When she visited from Detroit, Aunty Emma also told stories. She was the only one of my grandparents’ children born in Russia, and she arrived on the boat with my bubbe in 1907. That boat landed in Boston on the fourth of July. When my grandmother saw the firecrackers exploding, she cried out—my Aunty Emma reported—“They have pogroms in America, too?”
My world was my mother’s family, and the Lazaroffs didn’t need to tell every story out loud to convey what they wanted to teach me. For there I was, kneeling on the kitchen chair, rolling dough into plump cylinders along with Bubbe as we baked coffee cake in her kitchen. There I was, staring at the photo in my grandparents’ bedroom of Aunty Emma in her UNRA uniform on her way to the Displaced Persons camps after World War II to sing “Ani Mamin” to the survivors.
On Purim, Bubbe assembled baskets of fruit and baked goods and handed them to me. Shalach Manos, Bubbe said, and not much else. She never used the word “poor,” or explained the requirement to help those in need. Bubbe just took my hand as we delivered one basket to the old woman on the second floor in the back of the apartment house two doors down and another to the recently widowed mother around the corner on Packard. I don’t remember her words, but somehow Bubbe let me know being poor was not a fault, and that the Purim gift was ours—hers and mine. I was shy and afraid, knocking on the doors of people I didn’t know, but I also felt something like pleasure or pride, as though my bubbehad chosen me to help right the scales of justice.
If some barking dog chased me as I walked up Ridgley Drive on my way home from school, if some neighborhood boys teased me about a bomb about to fall only on my side of the street, there was my grandparents’ front door—five houses closer than my own—on which I could knock. I knew that front door would open and whoever stood there would welcome me in. Bubbe would say something in Yiddish to Zadie, and though he would sigh, he’d put on his jacket, take my hand, and walk me the rest of the way home.
My father’s family—the Tannenbaums and Porgeses—lived nowhere near Ridgley Drive. Daddy Bob’s parents, Henry and Nettie, died before I was born; my great-aunts lived in Denver. When a young woman, Aunt Irene taught in small Rocky Mountain towns. She boarded with a student’s family, she told us, and rode to school side-saddle. Though Jewish, too, there was no Judeleh out of her mouth, no shaine maidel. Aunt Irene addressed each one of us as “dearie.”

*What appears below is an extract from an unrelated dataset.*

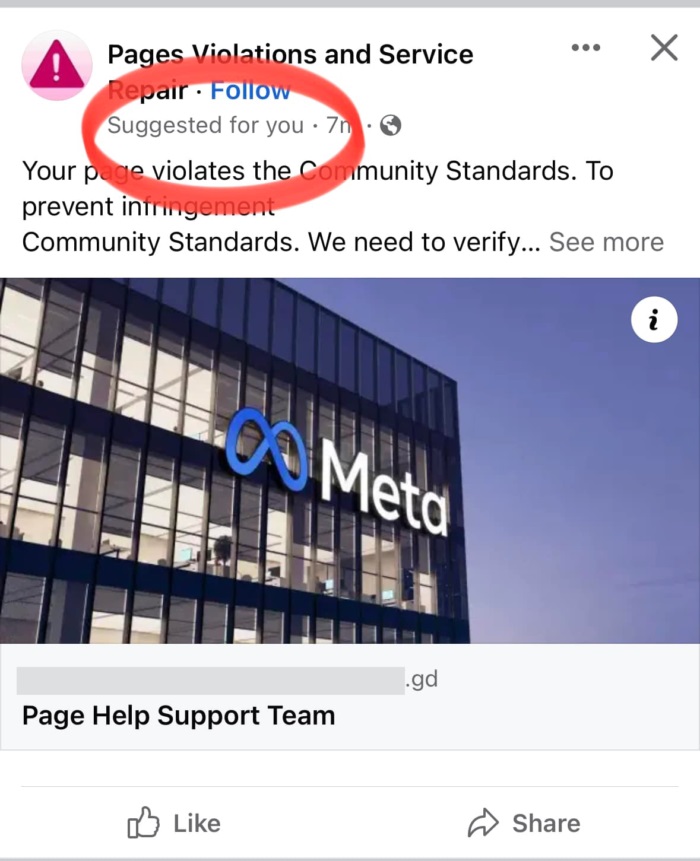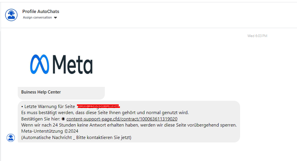 Die Spammer gehen aktuell vermehrt wie folgt vor - eine Seite mit dem Namen "Support Page" schickt über den Facebook Messenger eine Nachricht direkt an eure Unternehmensseite. In dieser Nachricht wird eine "Bestätigung" gefordert, damit eure Seite nicht "von Meta gesperrt wird". Dazu werdet ihr in der Regel aufgefordert, einen in der Nachricht mitgeschickten Link zu klicken.
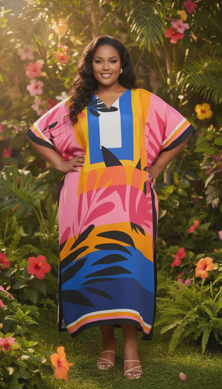 Shop our stylish plus-size polyester kaftan, perfect for resort wear, beach cover-ups, or loungewear. Lightweight, flowy, and comfortable, designed to flatter every body type. Ideal for summer and fashion lovers.

My father’s sister Emma—I called her Ahmee—lived with her family in Glendale. The Elconins seemed exotic, Glendale not Jewish at all. Brock-mont Drive, a winding road that climbed along a steep hillside, looked nothing like my neighborhood of square streets: Hauser, Curson, Spaulding. No sidewalks in Glendale. No Pico, the big boulevard at the end of my block, crowded with shops. Where were the delis like Joe and Ann’s, the kosher butchers, banks, and beauty shops?